The mechanism by which appendectomy protects against UC is unknown. The appendix is part of the mucosa-associated lymphoid tissue system and is involved in B-lymphocyte-mediated immune responses and extrathymic T lymphocytes. A T-cell receptor alpha chain knockout mouse model of colitis showed that inflammation was suppressed in animals that underwent appendectomies [213]. Because of its role as a reservoir for enteric bacteria, removal of the appendix may influence the mucosal immune system and the antigenic exposure in the bowel lumen [201].

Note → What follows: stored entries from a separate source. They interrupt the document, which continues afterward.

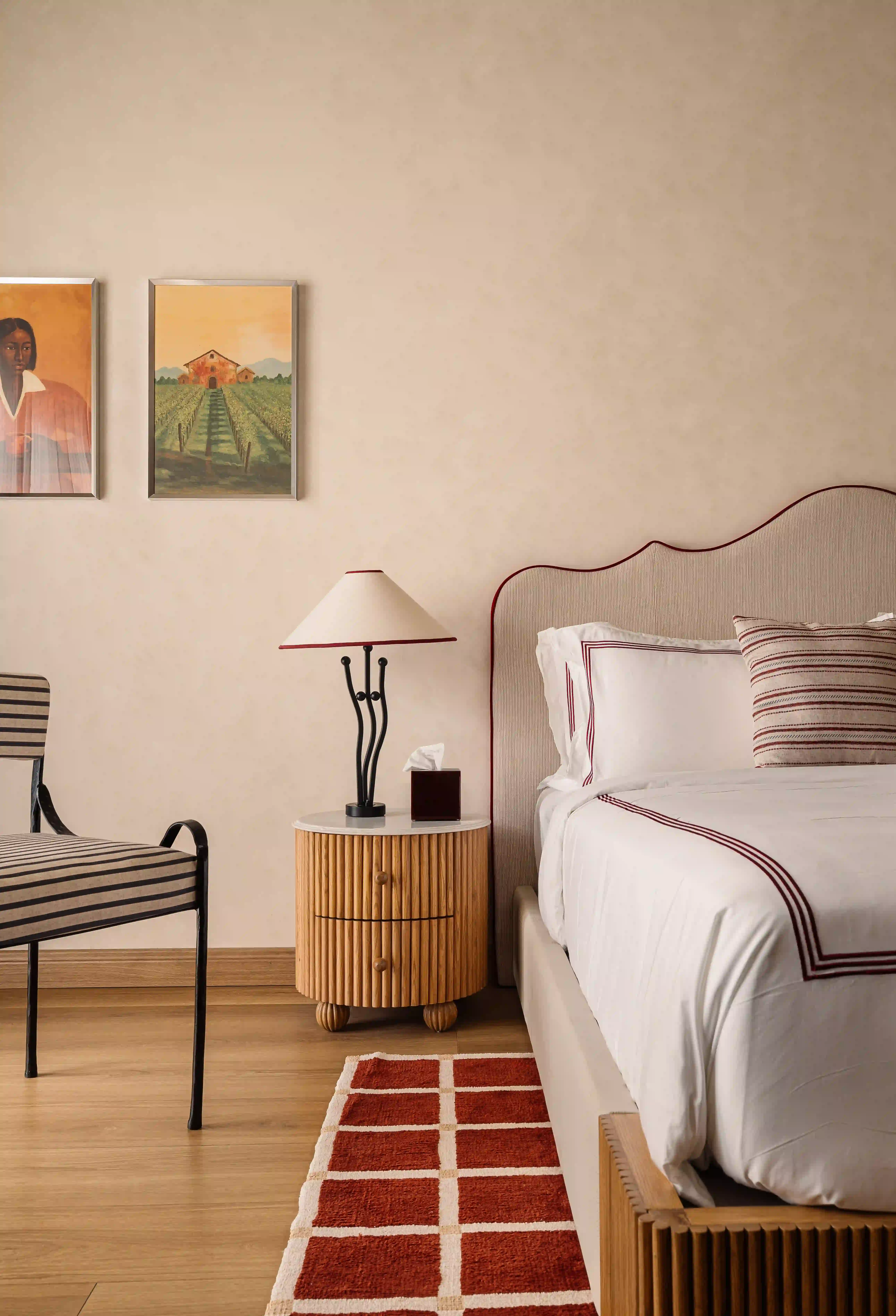 At Irada, no two rooms are alike—but they all feel like the best one. Whether it's a Reserve Room with your morning espresso and courtyard view, a Gallery Room with a Burgundy tub and Parisian finds, or a Vineyard Suite made for wine-soaked evenings—we've left no detail to chance. Prefer to take over the estate? The Collector's Suite is waiting.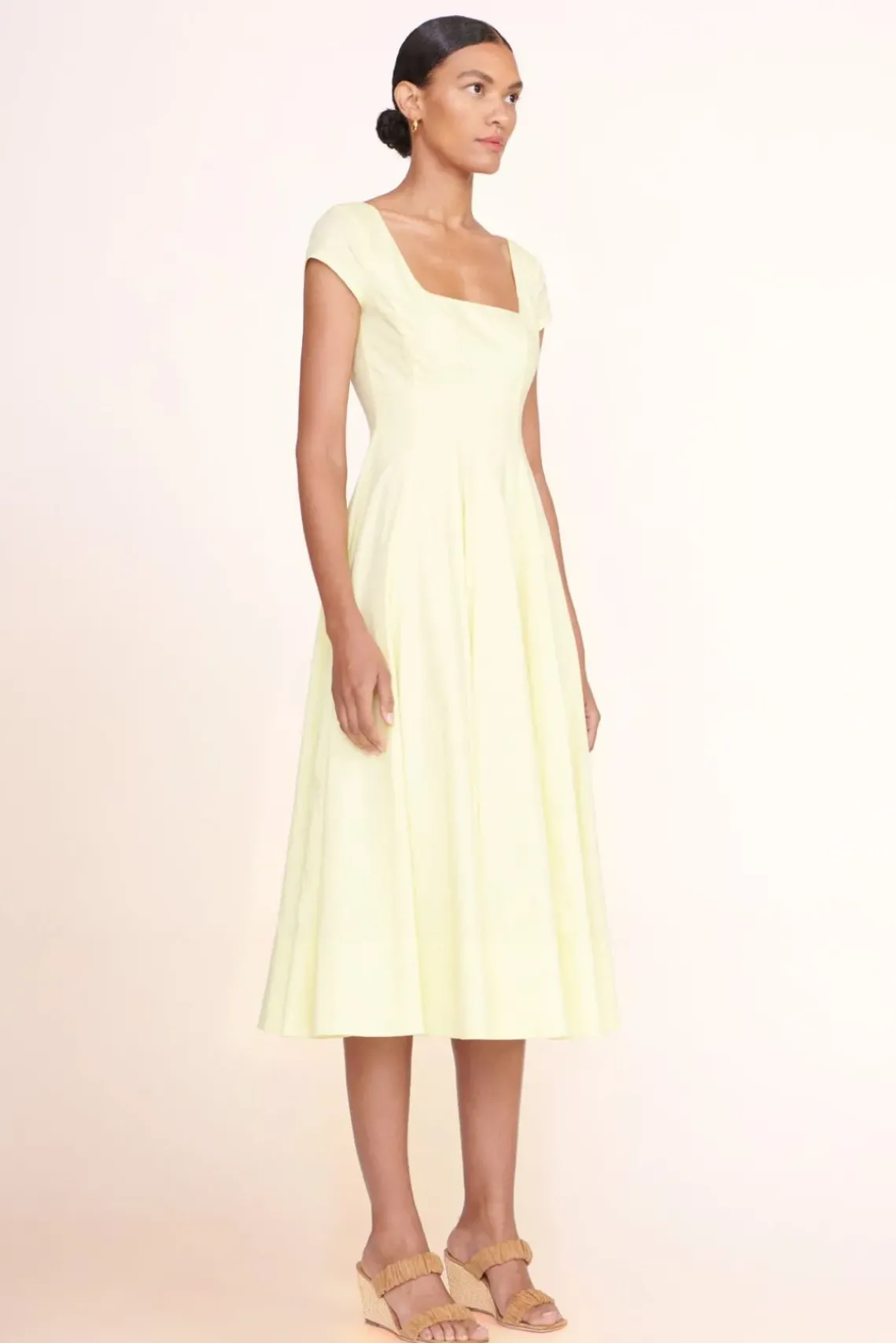 A raffia update to our signature heel, the Frankie Wedge features a square toe and two ruched suede straps.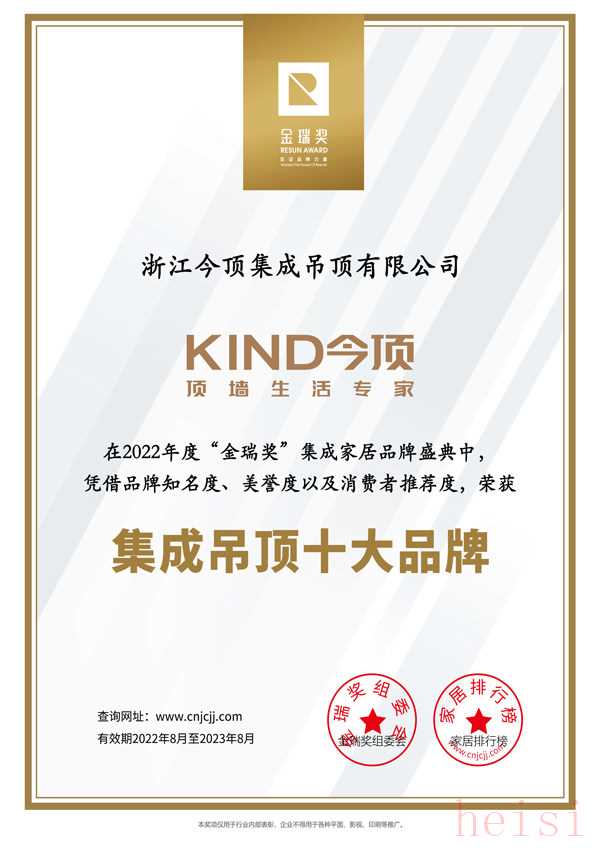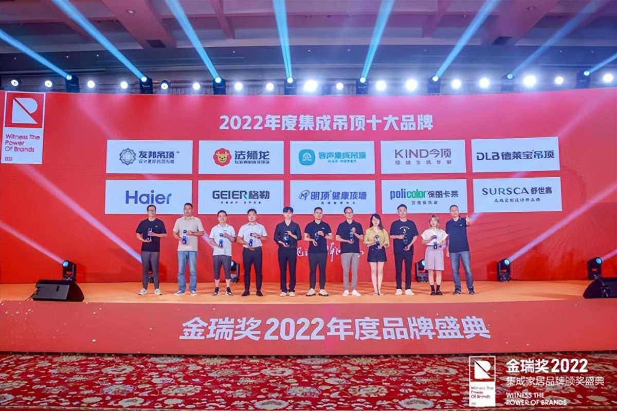 在“2022品牌之夜”金瑞獎集成家居品牌頒獎盛典上,今頂憑借過硬的企業(yè)實力和品牌影響力榮獲“2022年度集成吊頂十大品牌”稱號。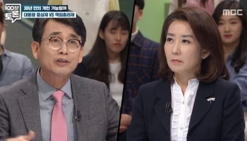 자유한국당 나경원 의원이 화제인 가운데 유시민 작가가 그녀에게 정치적 조언을 한 발언이 관심을 끈다.앞서 방송된 MBC '100분 토론'에서 유시민 작가, 나경원 자유한국당 의원, 박주민 더불어민주당 의원, 장영수 고려대 교수가 출연해 최근 이슈가 되고 있는 개헌문제에 대해 이야기를 나눴다.나 의원은 문재인 대통령이 개헌안에 토지공개념을 강화하는 조항을 삽입하는 것을 추진하고 있는 것에 대해 “사유재산을 과도하게 침해할 수 있다”며 반대 입장을 밝혔다.그러자 한 남성 시민토론단이 나경원 의원에게 “솔직히 말해서 부자들이 집 몇 채 못 갖는 게 그렇게까지 아쉽냐?”고 돌직구 질문을 날렸다.이에 나경원 의원은 “말씀을 그렇게 하시니까 제가 대답하기가 좀..이상한 논점으로 말씀하시는 것 같다”며 “토지공개념으로 부동산 투기를 잡을 수 없다고 생각한다. 부동산 투기는 세금으로 여러 가지 조정을 하고 있다”고 답했다.이날 유시민 작가는 개헌 논의에 대해 나경원 의원에게 “자유한국당이 할 것은 딱 두 가지다. 대통령의 개헌안을 도저히 통과시킬 수 없다고 생각하면 부결시켜라. 그것은 국회의 권한이다. 부결이 정치적으로 부담스러우면 여당과 밀당하라”고 조언을 했다.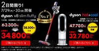 ダイソンv8 Slim fluffyが7/29・30の2日間限定で28,500円引きの34,800円!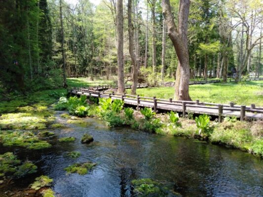 「姫川源流自然探勝園」は、長野県白馬村神城にある、日本名水百選に選ばれた姫川源流と隣接する親海湿原を合わせて楽しめるスポットです。国道148号線沿いの白馬さのさかスキー場第1駐車場(無料・約100台)が利用でき、そこから徒歩約10分で入口に到着します。入場無料で、全体を1周するのに約1〜1時間30分ほどかかります。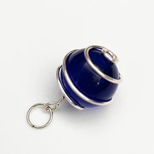 This cobalt glass marble is wire-wrapped in a silver plated spiral. Jump ring is attached. These were used to support an ocean charity called the Blue Marble Ocean Awareness Project in 2013. (started by the author of "Blue Mind") and I still have many available. Perfect for pendulums or pendants. Use them in sun catchers. The rich blue changes the viewer's spiritual perspective about water and its amazing properties just by looking at or into the mysterious blue orb. I realize wire-wrapped marbles are not a precious thing these days, but there is something very precious about the spirit behind these marbles. They raised thousands of dollars for ocean restoration and spiritual awareness of water. They will carry that energy into your creations, for sure!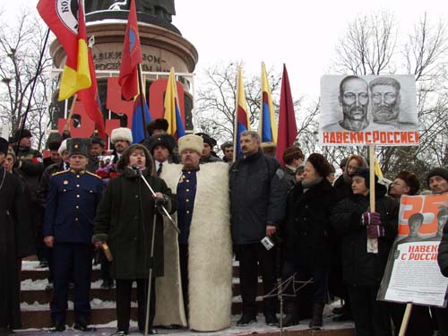 Собрав 17 января 1654 г. казацкую Раду в Переяславле (поэтому и получившему название Переяславль-Хмельницкий), Богдан поставил вопрос жетско: "Под кого пойдем? Под польского короля, крымского хана, турецкого султана или царя московского?" И единодушно вымолвила громада: "Под царя московского! Навеки с Россией!".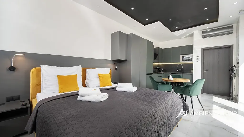Každý apartmán disponuje plně vybavenou kuchyní, koupelnou, klimatizací a zatemňovacími venkovními žaluziemi. Všechny místnosti mají samostatný termostat pro regulaci teploty, vytápění je zajištěno teplovodním podlahovým topením a ohřev vody zajišťují elektrické bojlery (každá jednotka má vlastní se zásobníkem 125 L). Každý byt má své podružné měřidlo elektřiny i vody, nemovitost má jednu hlavní přípojku elektřiny a vody.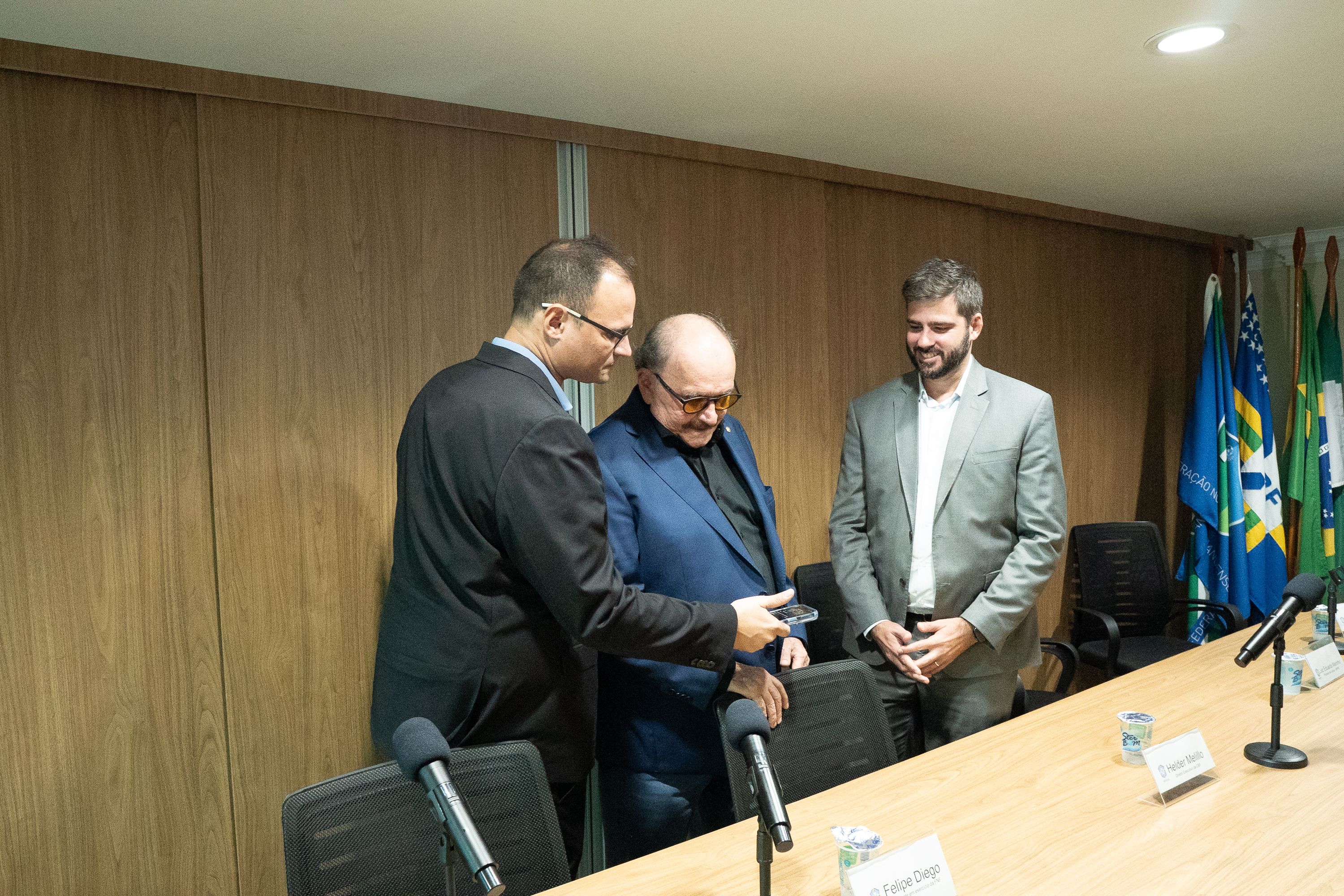 Felipe Silva, José Vanildo e Helder Melillo durante agenda institucional da CBF na sede da Federação Norte-rio-grandense de FutebolCréditos: Divulgação FNF

The role of certain environmental and lifestyle factors on the onset, severity, and course of IBD is significant. Patient education and, when possible, modifications of these risk factors should be an integral part of the care provided to patients with IBD. Smoking is the best studied of the disease modifiers in IBD, and smoking cessation should be encouraged for all IBD patients. Although achieving long-term smoking cessation is difficult, IBD patients, including those with UC, should be encouraged to quit smoking. The benefits of smoking cessation outweigh the risk of aggravating UC, and providers caring for these patients should be prepared to adjust the medical regimen to mitigate the adverse effects of nicotine discontinuation. While appendectomy appears to be protective against UC, the chronic use of both traditional NSAIDs and selective COX-2 inhibitors appears to exert a negative effect on the onset and course of IBD. Breastfeeding may offer some protection from IBD and given its other beneficial attributes should be encouraged. The influence of other factors such as diet, childhood infections, socioeconomic factors, psychological stress, and oral contraceptives is less clear, and specific recommendations cannot be generalized at this time for our patients.